Limopsidae is a family of bivalves, related to the ark clams and bittersweets. This family contains about thirty species in seven genera.

Species
 Crenulilimopsis Kuroda & Habe, 1971 
 Cnisma Mayer, 1868 
 Empleconia Dall, 1908 
 Limarca Tate, 1886 
 Limopsis Sassi, 1827 
 Limopsis affinis A. E. Verrill, 1885
 Limopsis antillensis Dall, 1881 
 Limopsis aurita
 Limopsis cristata Jeffreys, 1876
 Limopsis davidis Hedley, 1899 original species description, pages 564–565.

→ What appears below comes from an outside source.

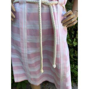 70s 80s Pink Stripe Cotton Sleeveless Shift Dress Rope Belt Scoop Neck Volup Nautical Travel Leisure Cruise resort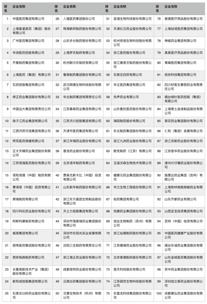 百强榜依据国家统计数据,并结合企业新药创新、合理布局、发展潜力、市场聚焦等指数,以工业企业法人单位为基础进行排名,是我国医药行业中最具权威性和社会影响力的专业评选之一。

 Limopsis davinae Esteves, 1984
 Limopsis galathea
 Limopsis hirtella Mabille & Rochebrune, 1889 
 Limopsis janeiroensis E. A. Smith, 1915
 Limopsis marionensis E. A. Smith, 1885 
 Limopsis minuta (Philippi, 1836)
 Limopsis multistrata
 Limopsis onchodes Dall, 1927
 Limopsis paucidentata Dall, 1886
 Limopsis pelagica E. A. Smith, 1885
 Limopsis perieri P. Fischer, 1869 
 Limopsis plana A. E. Verrill, 1885
 Limopsis radialis Dall, 1927
 Limopsis spicata Oliver & Allen, 1980
 Limopsis sulcata A. E. Verrill & Bush, 1898
 Limopsis surinamensis Oliver & Allen, 1980 
 Limopsis tenella Jeffreys, 1876
 Limopsis zealandica Hutton, 1873
 Nipponolimopsis Habe, 1951 
 Nucunella d'Orbigny, 1850

Limopsis
Species of the genus Limopsis are among the few suspension feeding deep-sea bivalves, and are absent from the continental shelf. They are relatively small, byssate (i.e. attached to the sea floor by strong threads, or byssus), and, while the viscera are reduced, there is a comparatively thick shell. Differences between species are usually defined by minor differences in gill and palp structure. The eggs are relatively few and of a size which suggests that the planktonic larvae do not feed.